Cara yang tepat untuk mengonsumsi kentang adalah dengan merebus atau memanggangnya. Anda juga bisa menumbuk kentang dan mencampurnya dengan bawang putih untuk dijadikan garlic smashed potato. Hindari kentang yang digoreng atau keripik kentang karena justru tinggi kalori dan lemak.
7. Nasi putih
Meskipun mengandung gula dan bisa menyebabkan peningkatan gula darah dalam waktu yang cepat, nasi putih termasuk dalam makanan rendah lemak. Agar gula darah tetap terkendali, disarankan untuk mengonsumsi nasi putih secukupnya, yaitu tidak lebih dari 3 centong nasi dalam seporsi.
Selain itu, cara paling aman untuk mengonsumsi nasi putih adalah dengan mengukusnya. Jangan menggoreng nasi dengan minyak alias menjadikannya nasi goreng karena bisa menambah kadar lemak dan kalori dalam tubuh.

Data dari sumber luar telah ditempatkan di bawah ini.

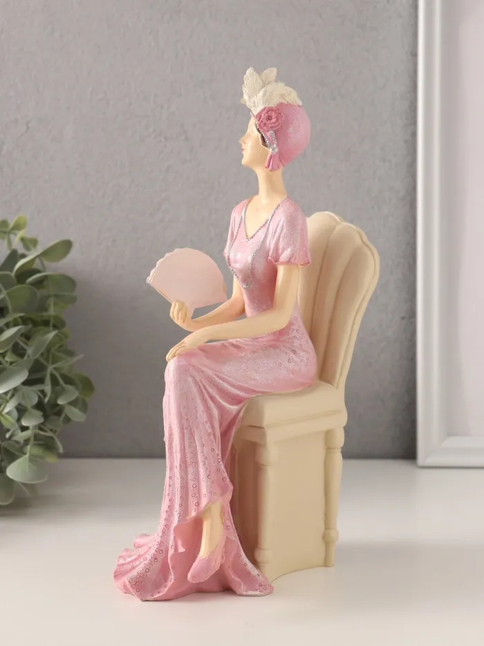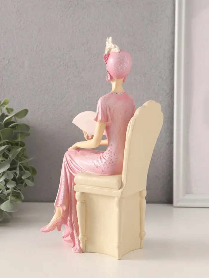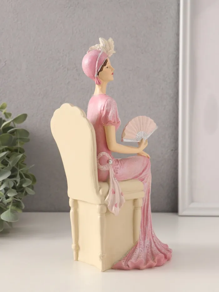 Фигурка полистоун «Мадмуазель Элиза в розовом платье с веером, в кресле», 13×9×25 см — Характеристики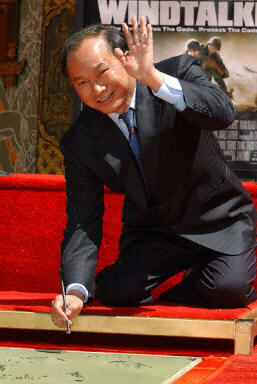 圖:中國香港著名導演吳宇森留印好萊塢 2002年05月22日 12:53 5月21日,中國香港著名導演吳宇森在美國影城好萊塢的“中國戲院”前的水泥地板上印上了自己的手印和足印。法新供中新

8. Produk susu rendah lemak
Bila ingin mengonsumsi susu dan produk olahannya, termasuk susu, yoghurt, atau keju, pilihlah produk dengan label low fat. Produk susu rendah lemak biasanya mengandung lebih banyak kalsium dan protein sebagai nutrisi tambahan. Jadi, jangan lupa untuk membaca tabel nutrisi pada kemasan produk dengan cermat.
Mengonsumsi makanan rendah lemak memang baik untuk mencegah kolesterol tinggi yang bisa membahayakan kesehatan jantung dan pembuluh darah.
Namun, selain dengan mengonsumsi makanan rendah lemak, Anda juga bisa mengonsumsi makanan yang berserat, terutama serat larut air untuk membantu menurunkan kadar kolesterol. Jangan lupa juga untuk menerapkan pola hidup sehat yang lain, termasuk dengan olahraga teratur.
Perlu diingat juga bahwa tidak semua makanan berlemak harus dihindari, ya. Hal ini karena beberapa makanan justru mengandung lemak tak jenuh yang justru baik untuk meningkatkan kadar lemak baik (HDL).
Beberapa jenis makanan yang mengandung lemak tak jenuh adalah alpukat, kacang almond, kacang mete, kacang tanah, biji wijen, biji bunga matahari, ikan salmon, ikan kembung, ikan tuna, dan minyak zaitun.
Sementara itu, makanan yang mengandung lemak jenuh tinggi yang perlu dihindari adalah daging sapi, daging babi, produk susu tinggi lemak, mentega, krim, makanan cepat saji, dan kue kering.
Jika Anda ingin rutin mengonsumsi makanan rendah lemak agar tetap sehat dan berat badan terkontrol, sebaiknya berkonsultasi ke dokter terlebih dahulu agar diberikan saran diet yang sesuai kondisi kesehatan Anda.